Lincoln i neri negli Usa proprio non li voleva. Voleva al massimo impedire che la schiavitù venisse estesa ai territori di nuova acquisizione statunitense. Già il 16 ottobre 1854 aveva detto: «L’intera nazione è interessata a fare di quei territori il miglior uso possibile. Vogliamo che essi siano la casa dei bianchi liberi». E nel Discorso d’insediamento alla presidenza nel 1860 dichiarò: «Non ho alcuna intenzione, diretta o indiretta, d’interferire con l’istituzione della schiavitù negli Stati in cui essa esiste».
Al Segretario di Stato William H. Seward sr. (1801-1872), ebbe peraltro occasione di dire: «Chi protesta contro l’estensione della schiavitù è sempre stato in realtà spinto dall’obiettivo del benessere dei bianchi, non dall’innaturale simpatia verso i negri». L’idea infatti di avere dei neri liberi che si mettessero a intraprendere sul piano economico, agricolo e industriale sottraendo ricchezze ai bianchi in territori ancora vergini e potenzialmente forieri di ricchezze era insopportabili per i "nordisti".
A fianco dei "sudisti", invece, nel corso di quella terribile Guerra che non servì per liberare gli schiavi ma per ribaltare gli assetti della res publica nordamericana, scesero in campo persino battaglioni di soli effettivi ebrei, con tanto di rabbino al seguito, di latinos (in Texas ne nacque anche una mini-Confederazione locale, confederata alla Confederazione maggiore), nonché di nativi cherokee (come tra l’altro mostra pure Il texano dagli occhi di ghiaccio, film diretto e interpretato nel 1976 da Clint Eastwood).
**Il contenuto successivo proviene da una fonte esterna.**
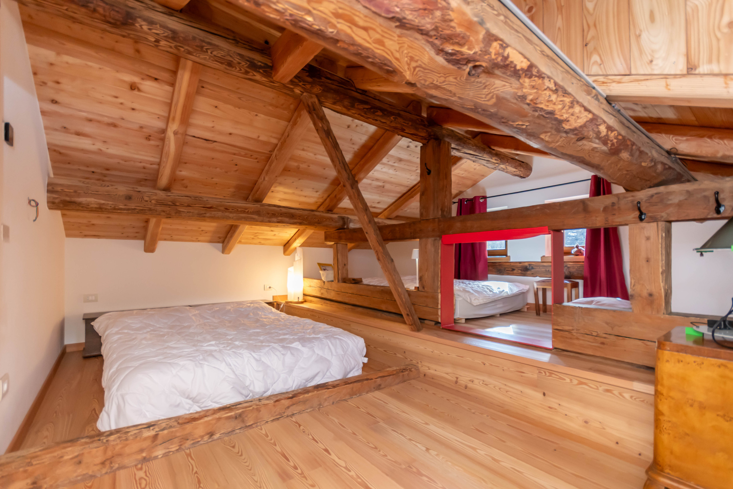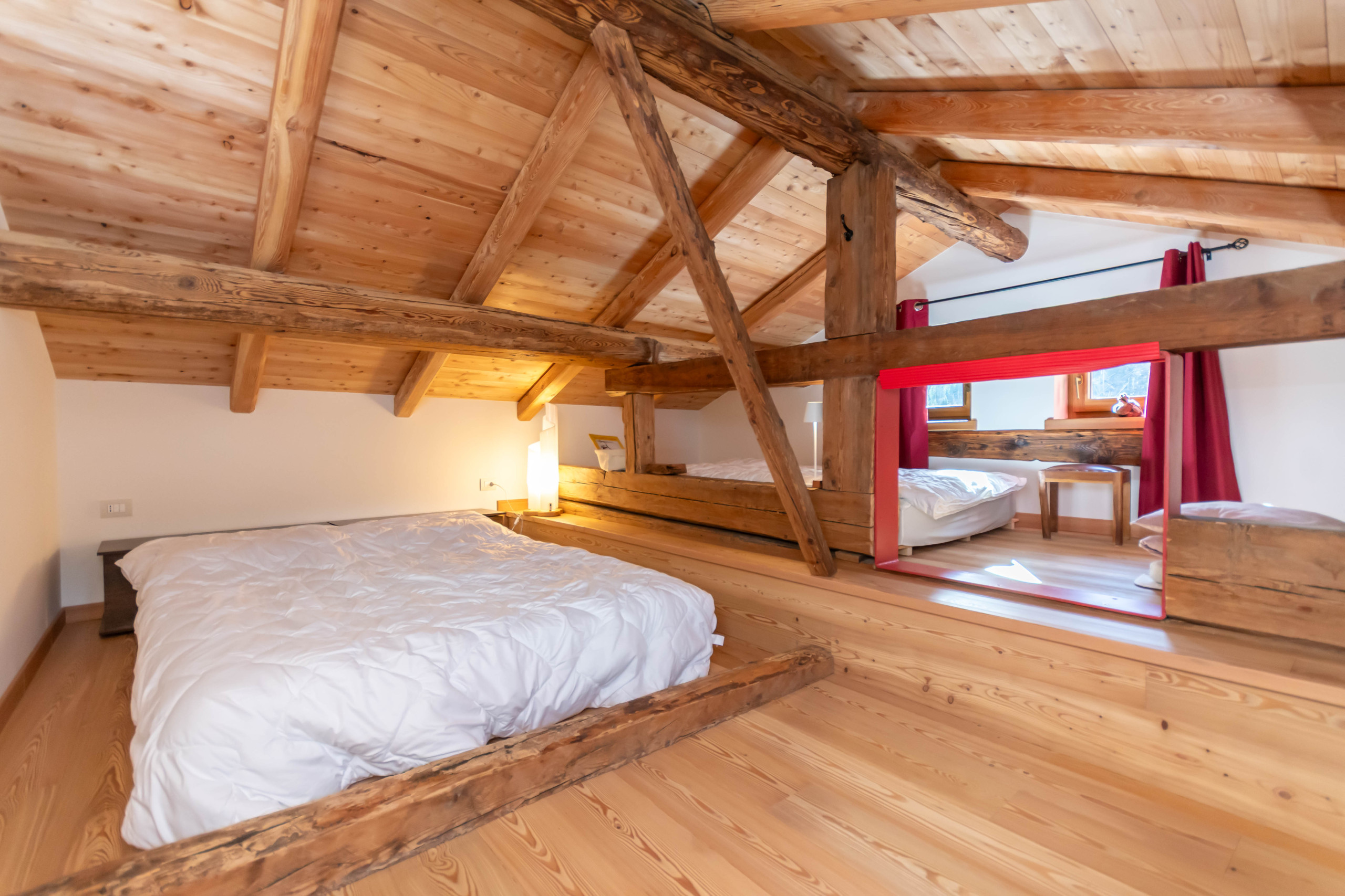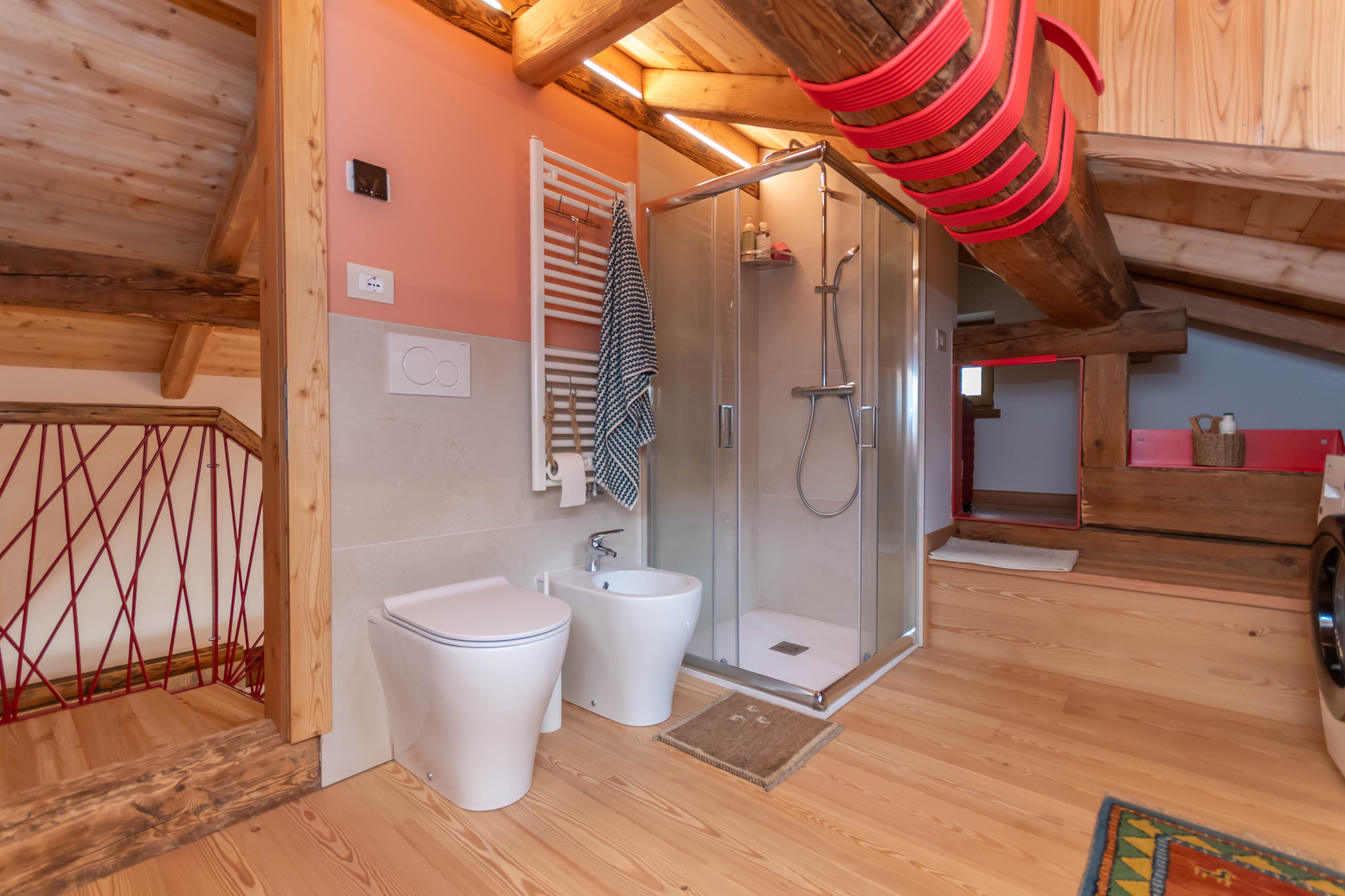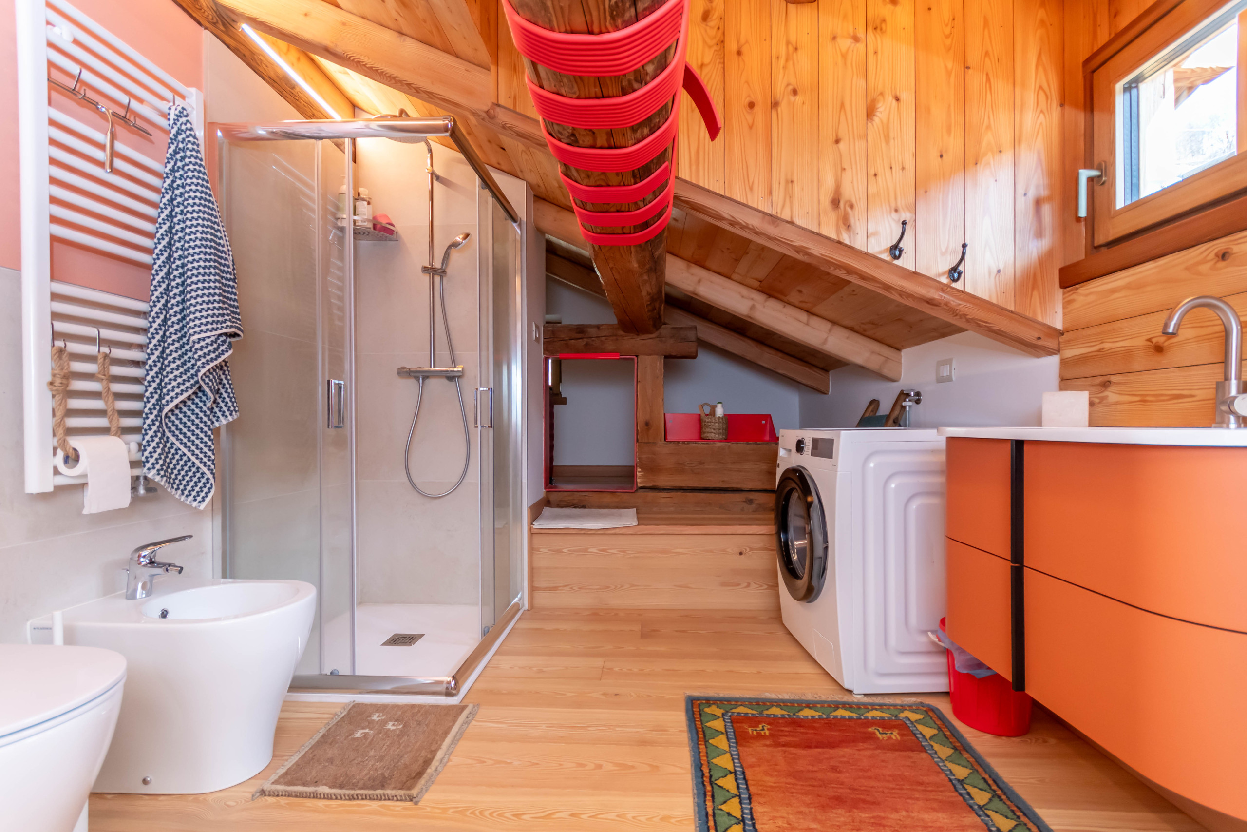 Obtained from the wise renovation of an ancient Tabià, the apartment is developed on two floors for a total of 75 sqm, creating an intimate and well-organized atmosphere. On the first floor, a main double bedroom with an additional single bed and a complete bathroom with shower. On the ground floor, the fully equipped kitchen and the living room with a comfortable double sofa bed. During the night, thanks to the sliding door, it is possible to transform the living room into a real bedroom, ensuring privacy for all guests. A small bathroom with toilet and sink completes the layout. The accommodation is ideal for hosting up to 5 people, offering comfort and functionality.

Oltreoceano non è scomparsa la memoria di nomi quali John Drew - che Capo John Ross nominò colonnello del 1st Cherokee Mounted Rifles, un reggimento "sudista" tutto indiano - e di Ta-ker-taw-ke, battezzato Isaac Stand Watie (1806-1871), generale di brigata della Confederazione, l’ultimo ufficiale ad arrendersi il 23 giugno 1865, due mesi dopo la resa del generale supremo dei Confederati, Robert E. Lee (1807-1870), in Virginia.
Né dei reparti militari costituti esclusivamente da volontari neri. La storiografia ne conserva addirittura le foto. E nel monumento ai Confederati, progettato dallo scultore Sir Moses Jacob Ezekiel (1844-1917), Confederato ebreo che a lungo visse e lavorò a Roma, monumento eretto nel 1908 e visitabile da tutti all’Arlington National Cemetery - segno evidente di una riconciliazione nazionale difficile come lo sono tutte ma concreta -, là dove sta pure la tomba di John F. Kennedy (1917-1963), le formelle mostrano inequivocabilmente a chiunque, americani e non, il volto di quei soldati neri del Sud che ipso facto la libertà se la guadagnarono scegliendo di dare la propria vita contro certi presunti "liberatori".